* **TASK DIRECTIONS**
Below are the records; copy each line in them that holds the word "blend".

* **RECORD EXCERPTS**
+++

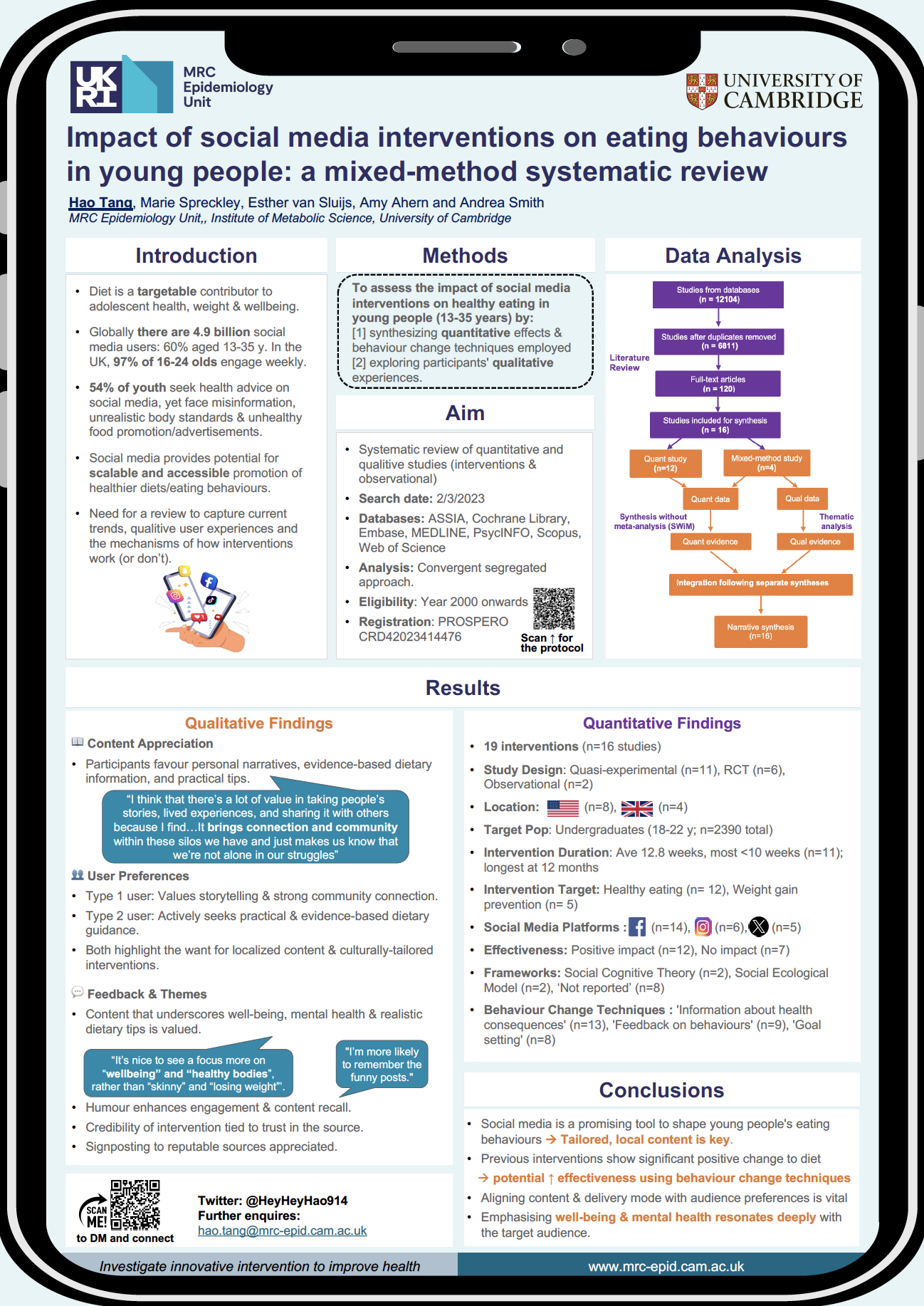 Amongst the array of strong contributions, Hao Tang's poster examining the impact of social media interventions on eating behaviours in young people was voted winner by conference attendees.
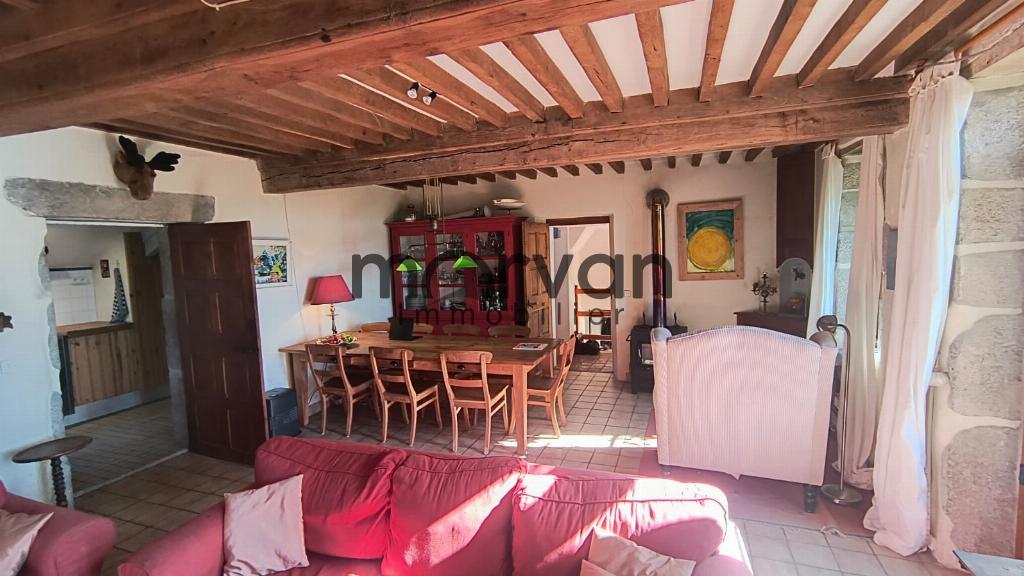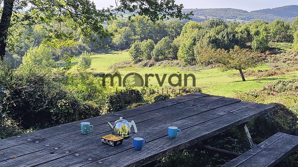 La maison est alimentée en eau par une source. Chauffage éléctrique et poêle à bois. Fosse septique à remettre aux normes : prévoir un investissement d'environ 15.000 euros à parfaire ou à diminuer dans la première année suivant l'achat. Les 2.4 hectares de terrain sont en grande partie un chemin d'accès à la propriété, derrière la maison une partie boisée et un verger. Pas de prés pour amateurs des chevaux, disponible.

+++

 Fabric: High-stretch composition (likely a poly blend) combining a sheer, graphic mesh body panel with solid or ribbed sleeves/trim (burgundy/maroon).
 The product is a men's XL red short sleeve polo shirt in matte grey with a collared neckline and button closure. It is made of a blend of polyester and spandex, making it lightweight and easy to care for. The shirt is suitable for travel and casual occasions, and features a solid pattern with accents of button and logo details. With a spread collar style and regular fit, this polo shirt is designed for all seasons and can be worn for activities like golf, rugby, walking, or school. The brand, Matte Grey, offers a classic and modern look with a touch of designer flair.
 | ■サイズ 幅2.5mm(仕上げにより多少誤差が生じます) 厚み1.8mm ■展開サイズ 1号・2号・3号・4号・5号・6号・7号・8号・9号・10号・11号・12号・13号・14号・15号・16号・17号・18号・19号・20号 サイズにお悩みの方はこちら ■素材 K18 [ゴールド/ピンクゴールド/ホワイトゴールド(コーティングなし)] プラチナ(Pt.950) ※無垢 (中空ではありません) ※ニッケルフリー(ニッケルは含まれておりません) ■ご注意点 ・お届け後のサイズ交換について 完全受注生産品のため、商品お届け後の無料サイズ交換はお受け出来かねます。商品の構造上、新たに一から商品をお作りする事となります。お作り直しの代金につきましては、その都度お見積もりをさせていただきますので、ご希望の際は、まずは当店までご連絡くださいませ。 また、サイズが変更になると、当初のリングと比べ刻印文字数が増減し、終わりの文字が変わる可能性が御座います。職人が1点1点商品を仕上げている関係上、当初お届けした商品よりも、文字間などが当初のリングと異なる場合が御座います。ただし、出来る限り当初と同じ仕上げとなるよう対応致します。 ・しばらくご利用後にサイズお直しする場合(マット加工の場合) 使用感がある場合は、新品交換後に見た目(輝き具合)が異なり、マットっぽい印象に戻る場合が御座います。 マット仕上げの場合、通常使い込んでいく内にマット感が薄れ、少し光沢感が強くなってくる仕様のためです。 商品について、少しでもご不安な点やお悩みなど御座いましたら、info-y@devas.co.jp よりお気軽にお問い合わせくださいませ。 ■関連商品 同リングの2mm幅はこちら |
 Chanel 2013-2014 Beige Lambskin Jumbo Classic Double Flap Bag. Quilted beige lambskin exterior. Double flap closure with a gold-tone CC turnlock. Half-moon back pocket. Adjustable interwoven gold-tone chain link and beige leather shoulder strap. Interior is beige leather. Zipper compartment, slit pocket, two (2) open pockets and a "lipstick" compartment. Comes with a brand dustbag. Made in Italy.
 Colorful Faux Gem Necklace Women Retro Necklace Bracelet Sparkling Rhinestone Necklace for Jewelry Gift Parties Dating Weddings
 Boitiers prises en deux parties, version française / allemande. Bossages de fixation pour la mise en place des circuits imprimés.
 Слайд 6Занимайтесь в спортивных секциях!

+++

* **ANSWER SPACE**
 Fabric: High-stretch composition (likely a poly blend) combining a sheer, graphic mesh body panel with solid or ribbed sleeves/trim (burgundy/maroon).
 The product is a men's XL red short sleeve polo shirt in matte grey with a collared neckline and button closure. It is made of a blend of polyester and spandex, making it lightweight and easy to care for. The shirt is suitable for travel and casual occasions, and features a solid pattern with accents of button and logo details. With a spread collar style and regular fit, this polo shirt is designed for all seasons and can be worn for activities like golf, rugby, walking, or school. The brand, Matte Grey, offers a classic and modern look with a touch of designer flair.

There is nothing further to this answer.